Сливар вернулся домой. После обеда он заперся в мастерской, чтобы привести свои дела в порядок. Памятник поэту он уже заказал литейщику, дал пояснения каменотесу, изготовлявшему пьедестал, и отправил письмо на родину заказчикам, готовившимся к торжественному открытию памятника; в письме он извинялся, что из-за большой занятости не сможет приехать, ибо ему дорога каждая минута. Сливар осматривал эскизы своих работ — память веселых дерзаний. Какими чужими показались ему теперь Эти лица, с каким удивлением смотрели они на него! Кто их только создал, на какой земле они родились? В них было что-то странное, полуночное, чего нет нигде, кроме его скитальческой фантазии. Он знал, что больше не в состоянии создать ничего подобного, и подумал о том времени, когда возникли эти диковинные творения, — о миновавшем, неповторимом времени юношеских порывов, которые сейчас не принесли бы ему радости, да и сил на них у него уже не было.

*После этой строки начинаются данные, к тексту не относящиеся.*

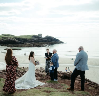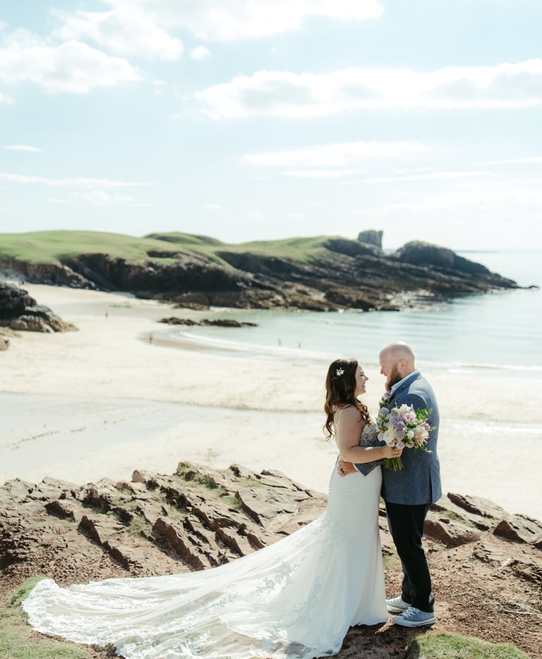 Clachtoll hat eine besondere Art, Menschen wieder zu sich zu rufen. Rachel und Kyle kannten diese atemberaubende Ecke der Küste bereits von einer unvergesslichen Reise entlang der NC500, und der Ort hatte sie offensichtlich nicht mehr losgelassen. Als sie sich also für eine Trauung im kleinsten Kreis mit ihrem kleinen Sohn und zwei engen Freunden entschieden, konnten sie sich keinen besseren Ort vorstellen, um dorthin zurückzukehren.

«Теперь я сделал бы все иначе!»

«Нет!.. — в страхе замотал он головой — он испугался неожиданной мысли, которая могла завлечь его на окольный путь и даже вселить новую пустую надежду. — С работой покончено — она утратила всякий смысл для меня и для других. — И он сам посмеялся над нелепым желанием, неожиданно постучавшимся к нему в сердце. — Работал бы — только фантазировал руками! Разве мертвецы способны работать! Пробудившись в могиле, я пришел бы в мастерскую и взялся за глину — нет, это было бы непорядочно и противоестественно! Пусть работают живые, а трупы пусть разлагаются! Поэтому — долой все искушения, нужно от них освободиться!»

Он принялся разбивать эскиз за эскизом. На стене висели две маски, которые он вылепил еще в академии, в углу стояли женские и мужские бюсты. Все разлетелось вдребезги.

«Чтобы никто не знал ни имени моего, ни прозвания!

Чтобы не приходили потом сюда люди и не покачивали головами с ученым видом, дескать, жаль, начал неплохо, со временем из него могло бы получиться что-то путное. Но так и остался незрелым — был мечтателем, спился, сам погубил себя, такие молодые люди не умеют жить! И так далее… Уж если я считаю себя мертвецом, зачем оставлять после себя какие-то проявления жизни, тем более что все они — только юношеская дурь. Пусть лучше не останется ни памяти, ни следов!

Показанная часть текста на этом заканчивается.